SAS.STAT 9.1 Users Guide (Vol. 6)

The following statements are available in PROC SURVEYSELECT:

The PROC SURVEYSELECT statement invokes the procedure and optionally identifies input and output data sets. It also specifies the selection method, the sample size, and other sample design parameters. The SURVEYSELECT statement is required.

The SIZE statement identifies the variable that contains the size measures. It is required for any selection method that is probability proportional to size (PPS).

The remaining statements are optional. The STRATA statement identifies a variable or set of variables that stratify the input data set.
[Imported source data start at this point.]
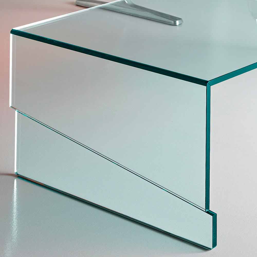 Helt fremstillet af gennemsigtigt glas , er det kendetegnet ved den udkragede, skårne og svejste side og støtteflader fremstillet ved hjælp af en teknologi, der er placeret til tjeneste for designet.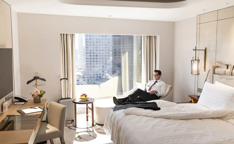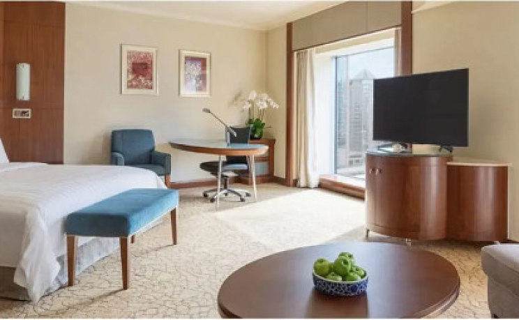 Отель Shangri-la China World предлагает 716 современных номеров, из окон которых открывается великолепный вид на город. В каждом номере есть сейф, ЖК-телевизор, и телефон. Также для комфортного проживания гостей предоставляется выбор подушек, мини-бар и набор для приготовления чая и кофе. В ванной комнате, отделанной мрамором, приготовлены элитные туалетные принадлежности.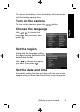 To remove the battery, move the battery latch as shown until the battery springs free. Turn on the camera To turn on the camera, press the button. English Choose the language Use to choose the language that you want, then press . Set the region Along with the language setting, the region setting determines the default date format. to choose the region Use you want, then press .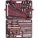 Набор: 101 шт • Ключи: комбинированные, разрезные, разводной • Головки: 6-ти гранные головки, головки E-профиль, свечные • Ключей-трещоток: 2 шт • Хранение: пластиковый кейс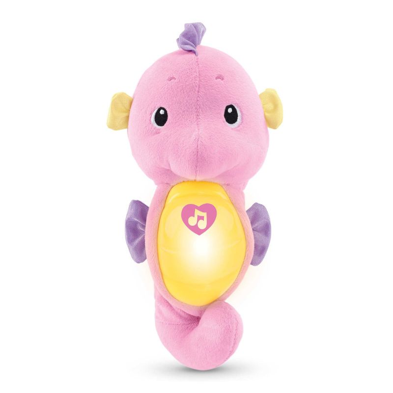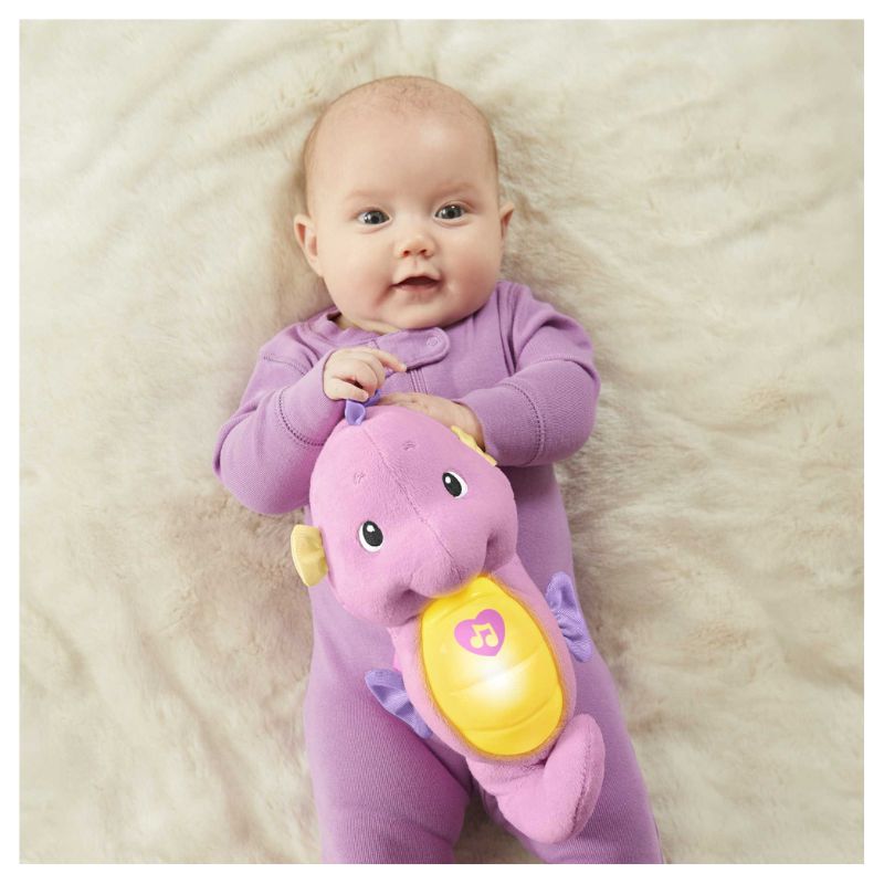 El juguete de peluche Fisher-Price Soothe & Glow Seahorse es un relajante compañero de abrazos para su bebé que se ilumina y brilla mientras suena una variedad de música reconfortante y sonidos del océano.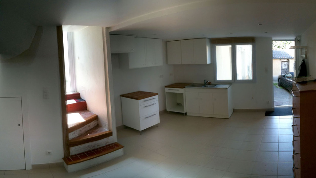 Une entrée sur pièce principale, cuisine aménagée, 1 chambre, 1 bureau, salle d'eau avec wc.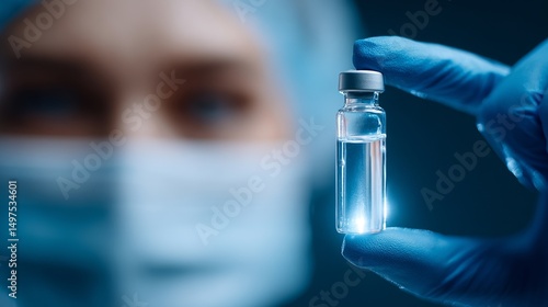Close-up of a medical professional holding a vial in blue gloves. The background is softly blurred, emphasizing the vial. This image represents healthcare and medical advancements. AI

When you specify a STRATA statement, PROC SURVEYSELECT selects samples independently from the strata formed by the STRATA variables. The CONTROL statement identifies variables for ordering units within strata. It can be used for systematic and sequential sampling methods . The ID statement identifies variables to copy from the input data set to the output data set of selected units.

The rest of this section gives detailed syntax information for the CONTROL, ID, SIZE, and STRATA statements in alphabetical order after the description of the PROC SURVEYSELECT statement.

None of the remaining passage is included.